DIREITOS HUMANOS

Recomendações da CNV sobre direitos indígenas estão em retrocesso, diz relatório

Relatório do Instituto Vladimir Herzog monitora as recomendações feitas pela Comissão Nacional da Verdade sobre as violações dos direitos humanos pelo Estado brasileiro

Aline Gouveia
postado em 26/04/2023 16:43 / atualizado em 17/07/2023 11:57
O documento propõe fortalecimento das políticas públicas de atenção à saúde dos povos indígenas  -  (crédito: Minervino Júnior/CB/D.A Press)
O documento propõe fortalecimento das políticas públicas de atenção à saúde dos povos indígenas - (crédito: Minervino Júnior/CB/D.A Press)

O Instituto Vladimir Herzog divulgou, nesta quarta-feira (26/4), um relatório de monitaramento das 29 recomendações feitas pela Comissão Nacional da Verdade (CNV) aos Três Poderes da República.

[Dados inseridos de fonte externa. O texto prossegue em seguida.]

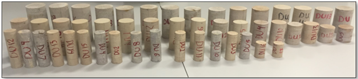 Three locations of limestone outcrops were selected to collect the representative rock block samples from Upper Dammam Formation, Jabel Hafeet Mountain (Fig. 2). In order to eliminate any anisotropic effects on the measurements, the rock block samples having no bedding planes were selected and collected (Fig 3). The rock block samples were brought to the laboratory and then core samples (49 core samples) were prepared (Fig. 3). After smoothing both sides of the core samples by trimming, the core samples with different diameters were labelled as UD1, UD1.5 and UD2 according to the core bit diameter, which are 25.4, 38.1 and 50.8 mm in diameter (Figs. 3 and 4). Before start testing, all core samples were weighted and their dimensions, diameter and length, were measured.
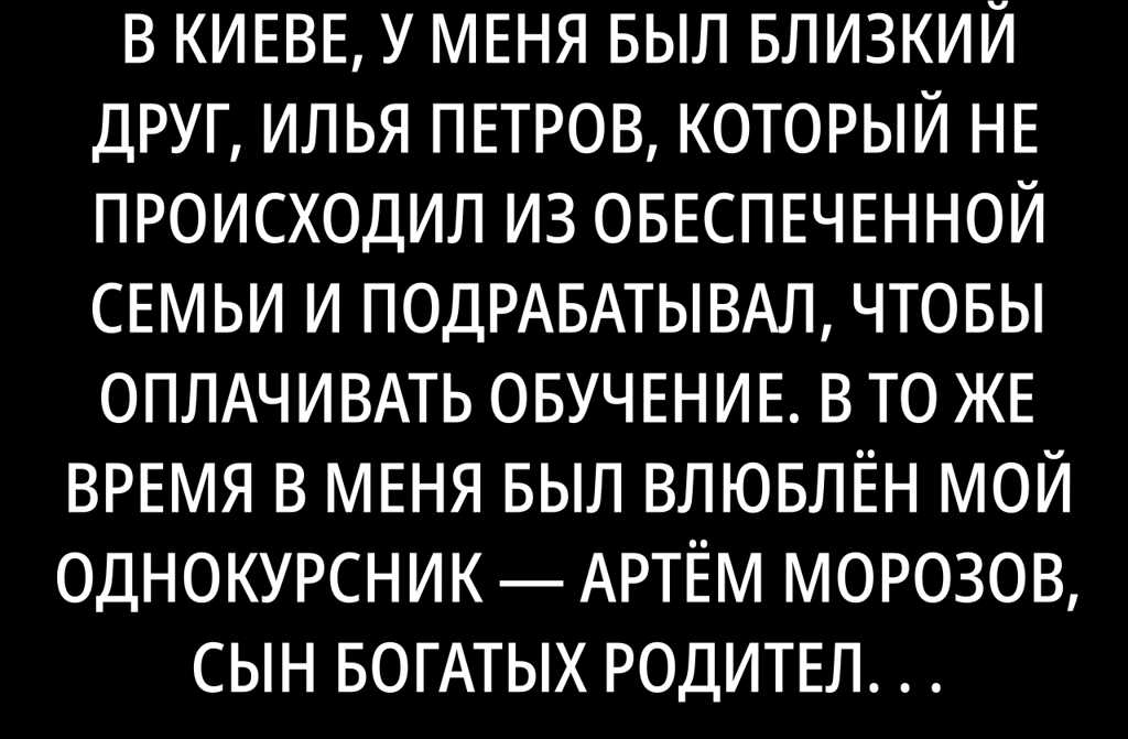 Когда я училась в университете в Киеве, у меня был близкий друг, Илья Петров, который не происходил из обеспеченной семьи и подрабатывал, чтобы оплачивать обучение. В то же время в меня был влюблён мой однокурсник Артём Морозов, сын богатых родителей, владеющих несколькими крупными фирмами. Я выросла в простой семье, где каждый рубль считался, и всегда мечтала о жизни без нужды, заботах и проблемах.
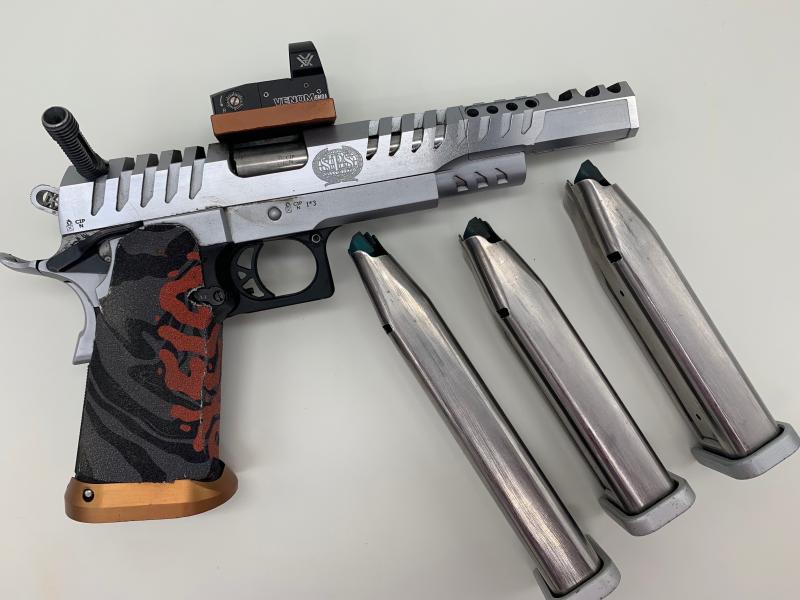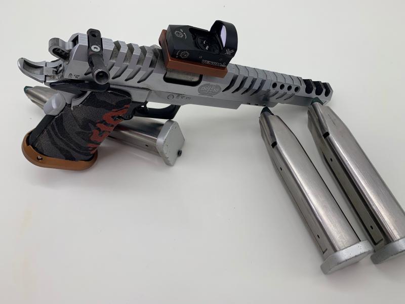 Vendo pisto marca SPS VISTA STAR de open, calibre 9 Parabellum mayor o minor, tres cargadores uno de ellos de 29 cartuchos, llevar visor pequeño marca Vortex de 8 mo, tiene cuatro años y en perfectas condiciones.
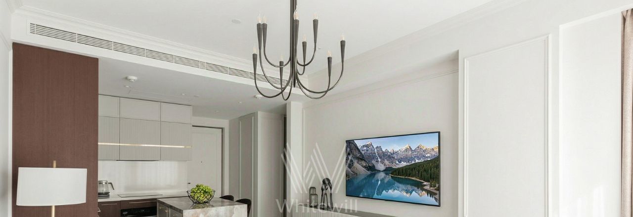 Апартаменты оснащены системой кондиционирования (канальные кондиционеры LG) и напольными конвекторами Varman. Благодаря панорамным окнам и потолкам высотой 3,5 метра пространство наполнено естественным светом и воздухом.
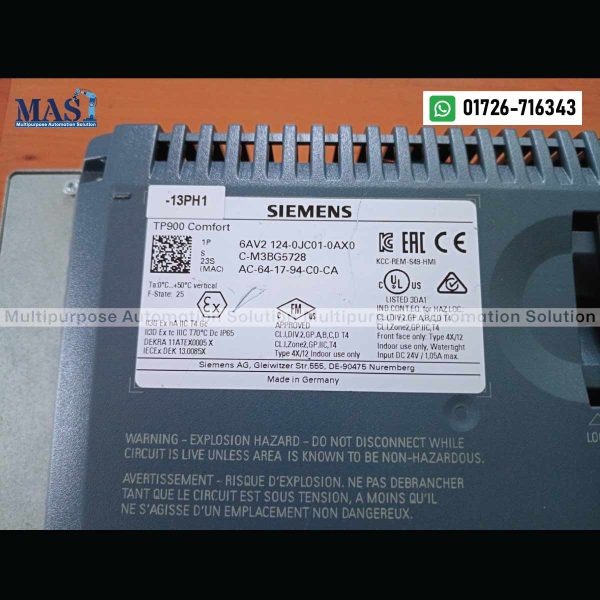 For the BEST PRICE and current availability of the Siemens HMI SIMATIC TP900 Comfort (6AV2124-0JC01-0AX0), please CALL US at Multipurpose Automation Solution in Gazipur, Dhaka Division, Bangladesh. Our team is ready to provide you with a competitive quote and discuss the suitability of this powerful HMI for your specific requirements.
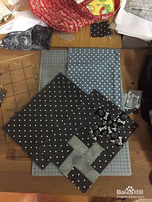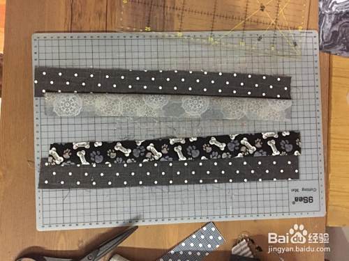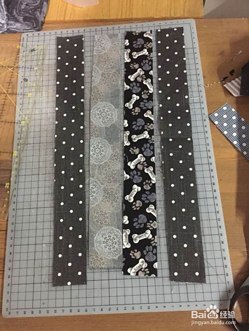 选三种颜色的布料,切成4.5Cm宽度的四个长条。长条长度不低于32Cm
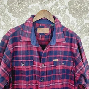 Excellent Orvis Men's L Flannel Button down Shirt Jacket Plaid 9245
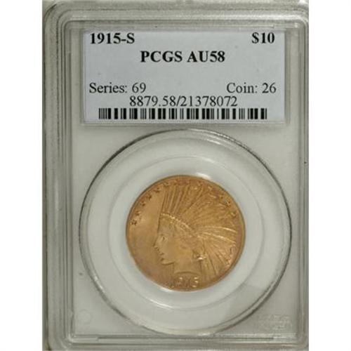 <B>1915-S $10 AU58 PCGS.</B></I> A pleasing example, this virtual Mint State piece has highly lustrous yellow-gold frost with hints of pink and lilac toning especially on the obverse. As one of the low-mintage issues in the series, with just 59,000 struck, this date is hard to locate in any or all grades.<BR><BR><B>Coin Engraver:</B> Augustus Saint-Gaudens<BR><BR><b>Shipping:</b> Coins & Currency (<a target="_blank" href="http://www.heritageauctions.com/common/shipping.php">view shipping information</a>\)
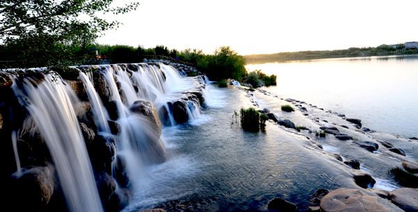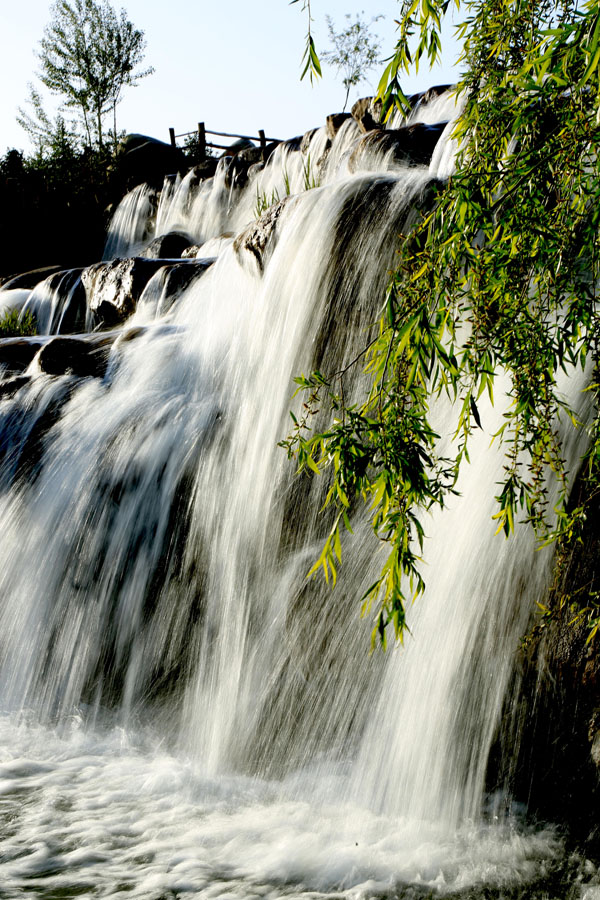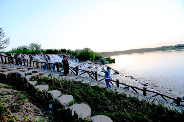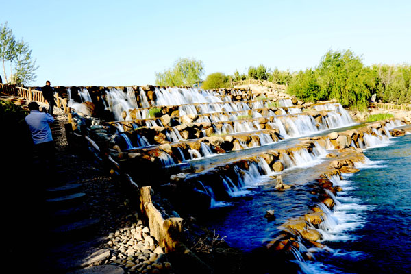 5月13日拍摄的甘肃张掖滨河新区芦水湾景区飞流直下的瀑布。由于连续几日的降雨,甘肃张掖滨河新区芦水湾景区来水量大增,景区内的瀑布带飞流直下十分壮观,市民及游客纷纷前来观看拍照。(摄影陈礼)
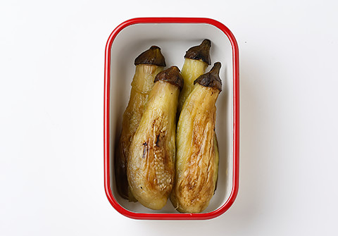 なすはヘタに包丁でぐるりと切り目を入れ、ガクをとる。強火のグリルか焼き網で8~10分焦げ目がつくまで焼く。さっと水に通し、熱いうちに皮をむく。

A CNV foi instituída em 2012 para investigar as violações de direitos humanos ocorridas entre 18 de setembro de 1946 a 5 de outubro de 1988, no Brasil. Segundo o documento, as 13 recomedações sobre os direitos dos povos indígenas estão em retrocesso.

"Destaca-se a importância da instalação de uma Comissão Nacional Indígena da Verdade, da realização de um pedido público de desculpas do Estado brasileiro aos povos indígenas pelo esbulho das terras indígenas e pelas demais graves violações de direitos humanos ocorridas sob sua responsabilidade direta ou indireta durante a ditadura, e a necessidade de promoção de políticas sobre os direitos e a história dos povos indígenas", pontua o relatório.

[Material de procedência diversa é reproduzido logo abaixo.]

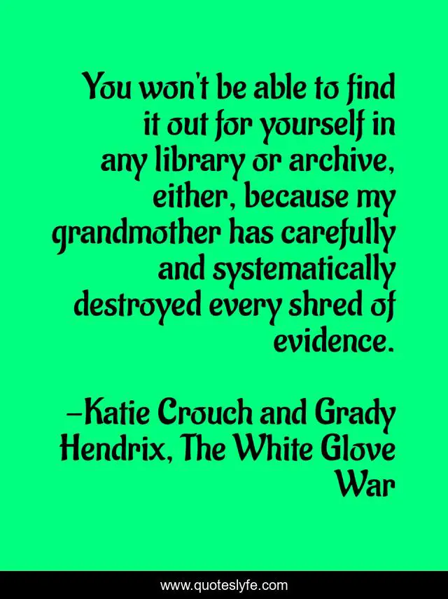 This page presents the quote "You won't be able to find it out for yourself in any library or archive, either, because my grandmother has carefully and systematically destroyed every shred of evidence.". Author of this quote is Katie Crouch and Grady Hendrix, The White Glove War. This quote is about romance, magic, suspense, darkness,.
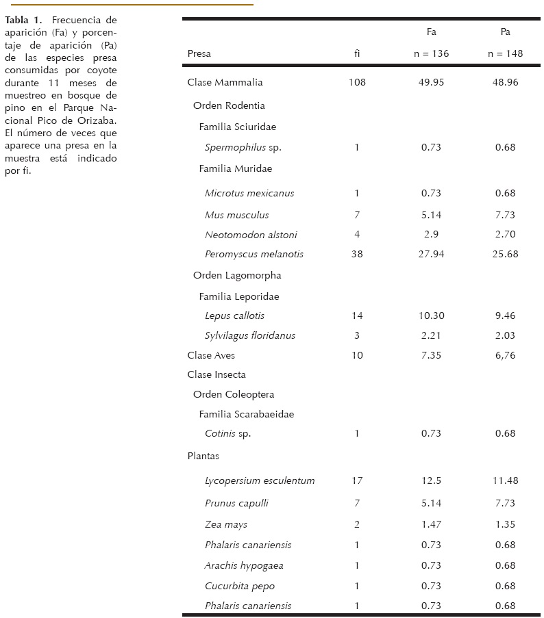 La dieta del coyote en bosque de pino en el área de estudio estuvo constituida por 15 especies-presas, aunque no fue posible determinar hasta nivel específico todos los restos encontrados en los excrementos.
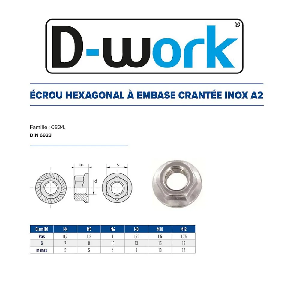Présentation du produit : Découvrez notre lot de 200 écrous embase crantée D.6 en Inox A2, conformes à la norme DIN 6923. Ces écrous sont idéaux pour des applications nécessitant une fixation robuste et durable. Leur conception crantée assure une meilleure prise et une résistance accrue aux vibrations. Caractéristiques principales : : Quantité : 200 pièces Diamètre : D.6 mm Matériau : Inox A2 Norme : DIN 6923 Avantages : : Ces écrous en Inox A2 sont résistants à la corrosion, ce qui les rend parfaits pour une utilisation en extérieur ou dans des environnements humides. Leur conception crantée permet une fixation sécurisée, réduisant le risque de desserrage. Utilisation : : Pour une utilisation optimale, assurez-vous que les écrous sont correctement serrés avec les boulons appropriés. Idéal pour les projets de construction, de mécanique ou de bricolage.

As recomendações da CNV foram divididas em quatro categorias: realizadas, parcialmente realizadas, não realizadas e retrocedidas. Seguindo este critério, das 29 orientações, apenas 2 foram realizadas (7%) e 6 parcialmente realizadas (21%). As não realizadas e retrocedidas são maioria, sendo 14 não realizadas (48%) e 7 retrocedidas (24%). Segundo o Instituto Vladimir Herzog, o cenário é "preocupante".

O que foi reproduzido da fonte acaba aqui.